発明王と言われたエジソンは小学生の頃、授業時間中は大人になって発明した色々のものを空想していて、学校の勉強は何も聞いていなかったので成績はビリで、先生から「お前の頭はくさっている」と言われたそうです。
超有名だったピアニストのホロヴィッツも小学生の時、学校の成績はビリでした。彼はその頃からいつも頭の中は音楽で一杯で、学校の勉強は何もしなかったと言っています。それでもエジソン、ホロヴィッツはそれぞれの分野で人々に大きな影響を与え、偉大な贈り物をしてくれた素晴らしい人々です。

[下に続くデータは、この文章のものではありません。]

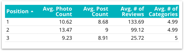 O Local SEO Guide extraiu da GBP os dados de classificação de um cliente para “unidade de armazenamento” em 50 cidades e coletou o número de imagens, número de avaliações, pontuação de avaliações, categorias e outros fatores por GBP.

どうやら東洋では(日本・韓国・中国)孔子様の儒教の影響もあって、学校で良い成績をとり、良い大学へ入って官吏になるのが親孝行という思想がどうしても根底にあるような気がします。
昨年の暮れ、面白い経験をしました。それは、アメリカの高校入学のための推薦状を書いてほしいと頼まれたことです。アメリカの方々とお付き合いを始めてもう30年近くなりますので、学校の入学に関することはいろいろ聞いていました。でも実際に私がその入試に関わって推薦状を書いたのは初めてでした。
その生徒はアメリカ・ユタ州の子どもですが、北海道の札幌で7才から今中学2年生まで日本の学校に通った男の子です。ピアノはずっと私に習いました。日本語の勉強も充分出来たので、今年の9月からアメリカ東部のボストン市等の全寮制の高校へ入学するための入学手続きの推薦状です。
頼まれた時、母親のキャロルからこう言われました。「貴女の書いて下さる推薦状が一番重要なのです」私は一寸怪訝に思いました。勿論、芸術は大切ですしアメリカでは芸術の価値観が高いのも知っています。それでも日本人のピアノの先生が書くものがなぜそんなに重要か?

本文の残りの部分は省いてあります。